A pandemia de covid-19 obrigou diversos estabelecimentos comerciais, industriais e prestadores de serviços brasileiros a suspender suas atividades por tempo indeterminado. Até o momento, não há perspectiva de normalização da atividade econômica.

Embora algumas atividades possam ser realizadas por meio do teletrabalho (home office), em outros setores é comum que empregados estejam dispensados enquanto perduram as medidas de distanciamento social. Nesses casos, o empregado não trabalha, mas mantém seu vínculo empregatício e continua a receber os valores usualmente pagos pelo empregador. Essa situação pode se verificar, por exemplo, com atendentes de estabelecimentos comerciais ou com operários de grandes indústrias – atividades que não podem ser desempenhadas a distância.

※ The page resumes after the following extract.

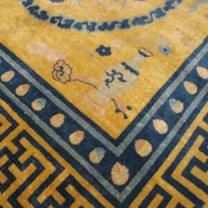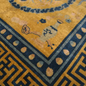 The field is anchored by a luminous gold color rug background, a color that enhances both warmth and visual depth while providing a dramatic stage for the rug’s iconic dragon design motifs. At the heart of the design, dragon figures weave through the composition with dynamic movement — representing strength, protection, and auspicious power in Chinese visual tradition. Complementing these central elements are depictions of the bird of paradise, symbolizing beauty, freedom, and spiritual elevation, which add a graceful counterpoint to the dragon imagery.

A situação na qual o empregador permanece realizando pagamentos aos empregados, mesmo quando os dispensa do trabalho, pode ensejar a não incidência das contribuições previdenciárias patronais sobre esses valores. Isso porque o art. 22, inciso I, da Lei nº 8.212/91 dispõe que as contribuições previdenciárias patronais têm como hipótese de incidência as remunerações pagas, devidas ou creditadas aos segurados empregados e que sejam destinadas a retribuir o trabalho.

O elemento retributivo assume, assim, função central na definição da hipótese de incidência das contribuições previdenciárias patronais. Essas contribuições sociais apenas se tornam devidas caso se verifique a remuneração pelo serviço prestado ou pela disponibilidade do prestador de serviço. Em outras palavras, constatando-se que o empregado não está sendo remunerado pela prestação de serviços ou por estar à disposição do empregador, não deve haver a incidência de tais contribuições.

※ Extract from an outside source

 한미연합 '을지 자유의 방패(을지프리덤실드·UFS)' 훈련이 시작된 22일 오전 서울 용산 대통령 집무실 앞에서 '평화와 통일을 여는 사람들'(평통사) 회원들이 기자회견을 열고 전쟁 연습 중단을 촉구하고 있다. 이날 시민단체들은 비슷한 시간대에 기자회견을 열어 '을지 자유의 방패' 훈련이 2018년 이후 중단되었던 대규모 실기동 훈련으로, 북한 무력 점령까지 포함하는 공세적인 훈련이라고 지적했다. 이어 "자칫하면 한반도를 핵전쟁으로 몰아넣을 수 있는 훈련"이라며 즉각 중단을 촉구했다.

Nesse sentido, o Superior Tribunal de Justiça (STJ) decidiu, sob o rito dos recursos repetitivos (REsp 1.230.957/RS), que não há incidência de contribuições previdenciárias patronais sobre os valores referentes ao aviso prévio indenizado pago a empregado, uma vez que inexiste o elemento retributivo do pagamento. Entendemos que essa decisão do STJ reforça a importância de que exista, de fato, remuneração para que possa haver a incidência de contribuições previdenciárias.

Mais recentemente, a Procuradoria Geral da República se manifestou em sentido semelhante nos autos do Recurso Extraordinário 1.072.485/PR, defendendo a não incidência das contribuições previdenciárias patronais sobre o terço constitucional de férias, justamente porque, nesse caso, também não há retribuição pela prestação de serviços, entre outros motivos.

Embora as autoridades fiscais possam adotar posição diferente da exposta acima, em nossa opinião, é possível sustentar que os empregados que se encontram nessa situação não estão à disposição do empregador, se este se encontra impedido de atuar de forma normal, seja em razão de medidas sanitárias para preservação da saúde de funcionários, seja em razão de determinações municipais e estaduais. Assim, quando é impossível que o empregado desenvolva a atividade para a qual fora contratado, não se pode afirmar que ele está à disposição de seu empregador.

No caso dos empregados dispensados do trabalho em razão da pandemia, com a manutenção do contrato de trabalho, não nos parece haver pagamento de remuneração pelo tempo que o empregado permanece à disposição do empregador, uma vez que não há perspectiva de volta à normalidade e de regularização das atividades desses funcionários. Com efeito, o empregador não parece tirar proveito dessa eventual disponibilidade dos empregados, já que a atividade econômica não pode ser retomada enquanto perduram as restrições. Daí a improbabilidade de ser essa a razão para a manutenção de empregos e a realização dos pagamentos aqui discutidos.

A preservação de empregos neste momento parece estar mais relacionada com os altos custos para demissão e recontratação posterior de funcionários – ou mesmo com o louvável sentimento de solidariedade social – do que com a expectativa de que a prestação de serviços por empregados venha a ser novamente necessária no curto prazo. Nesse contexto, os valores pagos pelo empregador aos empregados afastados do trabalho se assemelham à figura da ajuda de custo, expressamente desvinculada da remuneração pelo art. 457, §2º, da Consolidação das Leis do Trabalho, e sobre a qual não incidem contribuições previdenciárias patronais.

Tendo em vista o exposto, entendemos que é possível questionar a incidência de contribuições previdenciárias patronais sobre os valores pagos a empregados dispensados do trabalho em razão da pandemia de covid-19.